> ACTIVITY: Return the full listing word for word, but drop every picture from it.

> THE DATA:
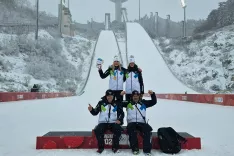 Tudi drugi dan tekmovanja se je naša ekipa veselila lepega uspeha. Na zmagovalnem odru so za novo donenje Zdravljice poskrbeli Taja Bodlaj, Ajda Košnjek, Enej Faletič in Urban Šimnic, ki so postali najboljša mešana ekipa v smučarskih skokih. Druga je bila Norveška, tretja pa Avstrija.
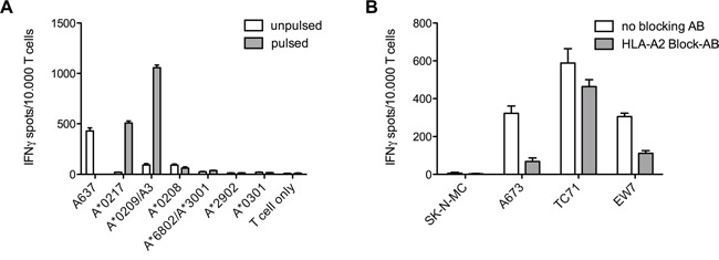 Figure 6: Various LCL cell lines and HLA-A*02 blocking of ES target cell lines to distinguish T cell cross-reactivity. A. Recognition of LCLs was limited to two lines expressing the HLA-A*02 superfamily. Further pulsing the cells with specific ADRB3295 peptide also gave no further hints for cross-reactivity. ES cell line A673 served as a positive control. B. Blocking of the HLA-A*02 molecules on ES cell lines shows reduced IFNγ release in ELISpot assays. E/T ratio for ELISpot assay: 1:2. Error bars represent standard deviation of triplicate experiments.
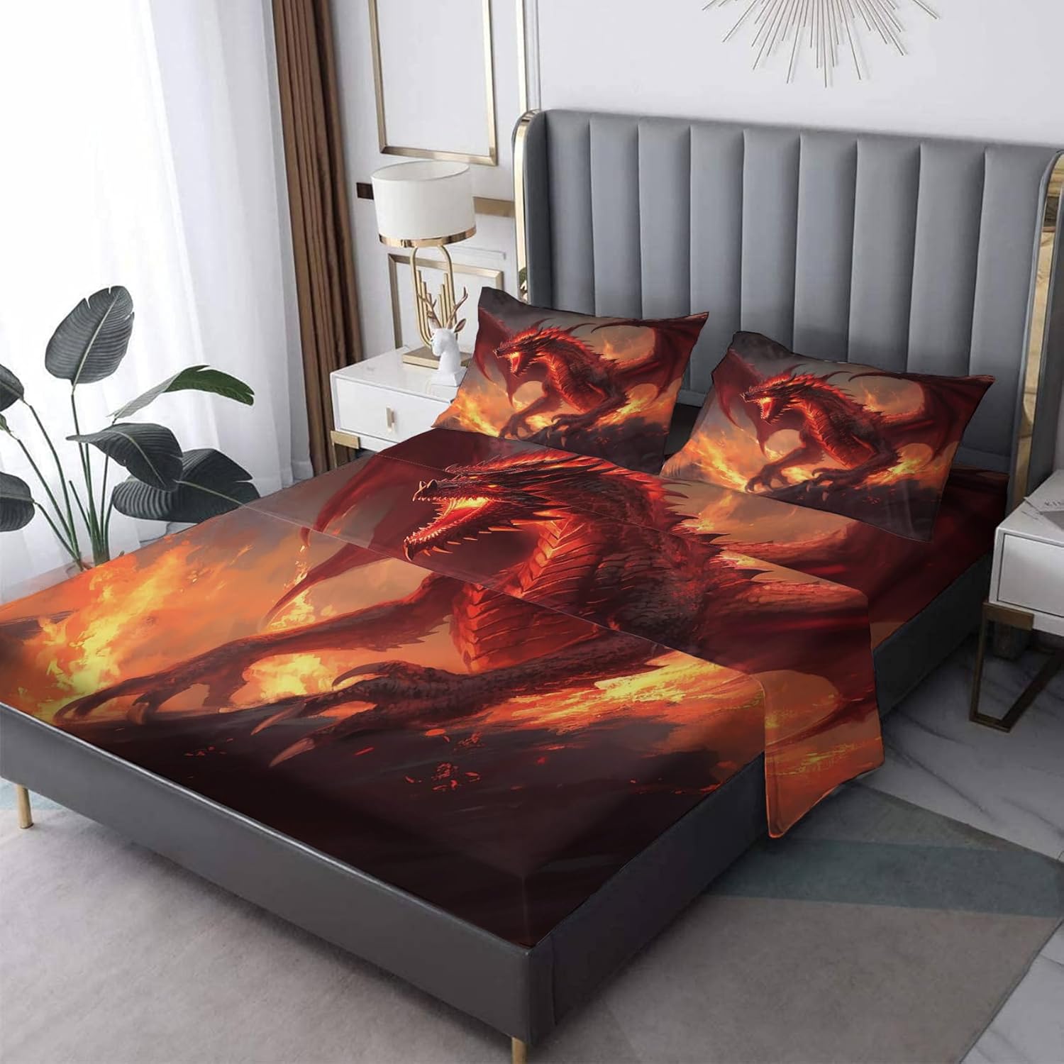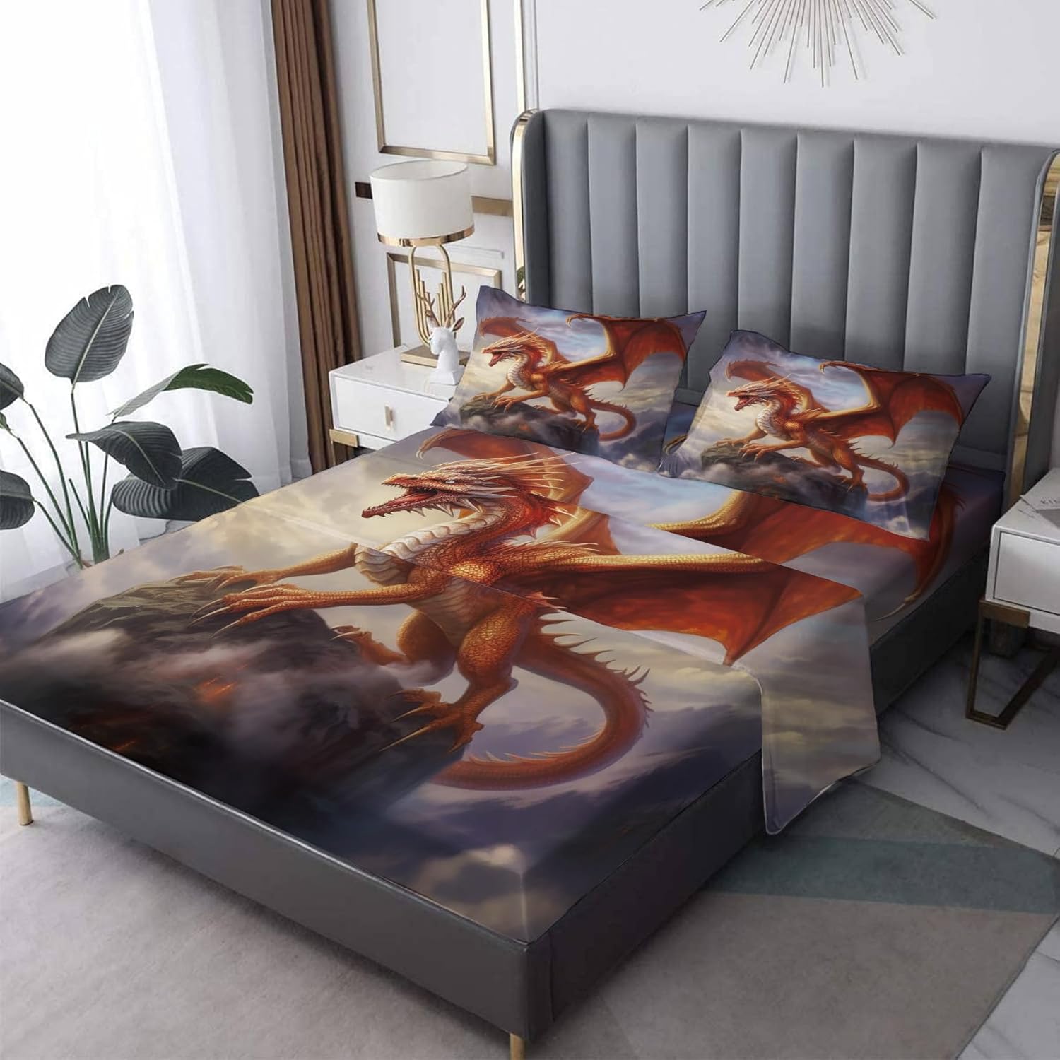 Chinese Dragon Bedroom Decorations & Room Essentials ⭐Premium Material Our bed sheet set is made of 100 percent micro fiber. Ultra soft, silky, lightweight, breathable and high thread count The choice of good quality fabric ensure it anti pilling, no wrinkle, sweat and fade resistant. Also, they are softer and smoother than organic cotton and egyptian cotton bedsheet ⭐Perfect Size Twin size bed sheets 3pcs set: 1 flat sheet 66 x 96 inch, 1 fitted sheet 39 x 75 x 16 inch, and 1 standard pillow case 20 x 26 inch ⭐Decorative Sheet Set Personalized pattern can perfectly decorate your room, bedroom, guest room, RV, kids room, boys room, girls room and make it look vibrant ⭐Ideal Gift This bedding sheets & pillowcases come with a unique pattern design, perfect as a birthday and festival gift for family and friends ⭐Well Made Our sheets feature neat and strong stitching for better strength. Reversible pillow shams with zipper closure, easier to insert and remove the pillow than the button pillowcase ⭐Pet Hair Resistant Don't worry about pet hair anymore, this sheetset won't attract cat or dog hair and you can play with your pet anytime ⭐Suitable for All Seasons Our sheet & pillowcase sets are suitable for spring, summer, fall and winter The smooth feel of the sheet is very cozy which keeps you cool during summer and warm during winter. Hot sleepers can also use with confidence and no sweat ⭐Customer Service If you have any questions about our products, please feel free to contact us, we are happy to serve you
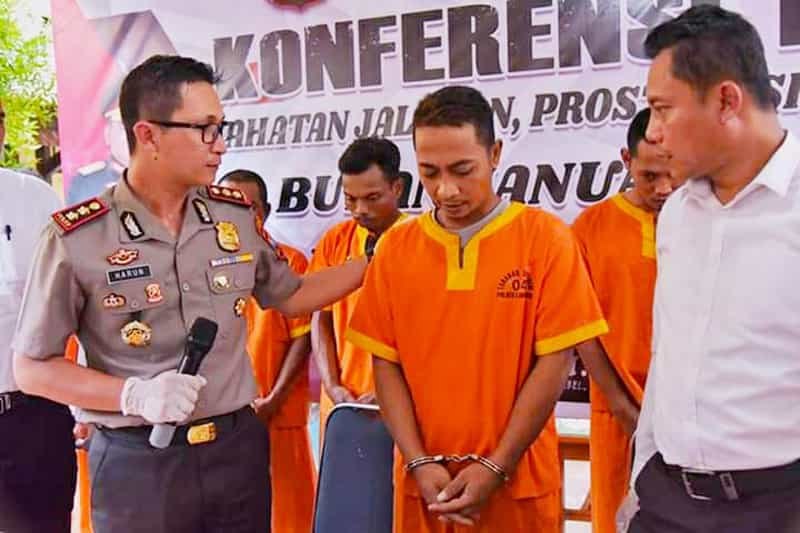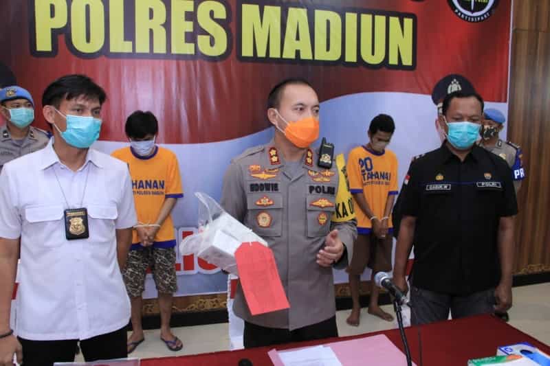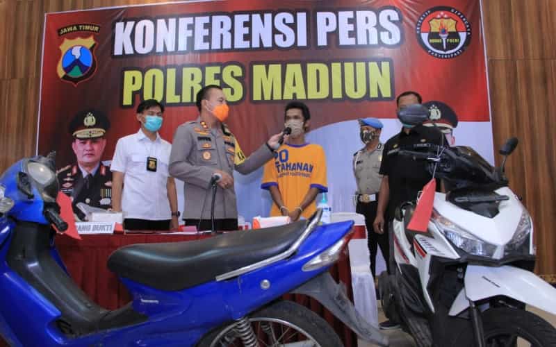 JATIMPOS.CO/SAMPANG - Samhuji (40), pria yang berprofesi sebagai Kepala Desa (Kades) Nyeloh, Kecamatan Kedungdung, Kabupaten Sampang, ditetapkan sebagai tersangka oleh Polres Sampang atas kasus pencurian 4 buah aki bakhoe kendaraan alat berat di pertambangan Desa Buker, Kec. Jrengik, Sampang pada 11 Juni 2020 lalu.

> TASK OUTPUT:
 Tudi drugi dan tekmovanja se je naša ekipa veselila lepega uspeha. Na zmagovalnem odru so za novo donenje Zdravljice poskrbeli Taja Bodlaj, Ajda Košnjek, Enej Faletič in Urban Šimnic, ki so postali najboljša mešana ekipa v smučarskih skokih. Druga je bila Norveška, tretja pa Avstrija.
 Figure 6: Various LCL cell lines and HLA-A*02 blocking of ES target cell lines to distinguish T cell cross-reactivity. A. Recognition of LCLs was limited to two lines expressing the HLA-A*02 superfamily. Further pulsing the cells with specific ADRB3295 peptide also gave no further hints for cross-reactivity. ES cell line A673 served as a positive control. B. Blocking of the HLA-A*02 molecules on ES cell lines shows reduced IFNγ release in ELISpot assays. E/T ratio for ELISpot assay: 1:2. Error bars represent standard deviation of triplicate experiments.
 Chinese Dragon Bedroom Decorations & Room Essentials ⭐Premium Material Our bed sheet set is made of 100 percent micro fiber. Ultra soft, silky, lightweight, breathable and high thread count The choice of good quality fabric ensure it anti pilling, no wrinkle, sweat and fade resistant. Also, they are softer and smoother than organic cotton and egyptian cotton bedsheet ⭐Perfect Size Twin size bed sheets 3pcs set: 1 flat sheet 66 x 96 inch, 1 fitted sheet 39 x 75 x 16 inch, and 1 standard pillow case 20 x 26 inch ⭐Decorative Sheet Set Personalized pattern can perfectly decorate your room, bedroom, guest room, RV, kids room, boys room, girls room and make it look vibrant ⭐Ideal Gift This bedding sheets & pillowcases come with a unique pattern design, perfect as a birthday and festival gift for family and friends ⭐Well Made Our sheets feature neat and strong stitching for better strength. Reversible pillow shams with zipper closure, easier to insert and remove the pillow than the button pillowcase ⭐Pet Hair Resistant Don't worry about pet hair anymore, this sheetset won't attract cat or dog hair and you can play with your pet anytime ⭐Suitable for All Seasons Our sheet & pillowcase sets are suitable for spring, summer, fall and winter The smooth feel of the sheet is very cozy which keeps you cool during summer and warm during winter. Hot sleepers can also use with confidence and no sweat ⭐Customer Service If you have any questions about our products, please feel free to contact us, we are happy to serve you
 JATIMPOS.CO/SAMPANG - Samhuji (40), pria yang berprofesi sebagai Kepala Desa (Kades) Nyeloh, Kecamatan Kedungdung, Kabupaten Sampang, ditetapkan sebagai tersangka oleh Polres Sampang atas kasus pencurian 4 buah aki bakhoe kendaraan alat berat di pertambangan Desa Buker, Kec. Jrengik, Sampang pada 11 Juni 2020 lalu.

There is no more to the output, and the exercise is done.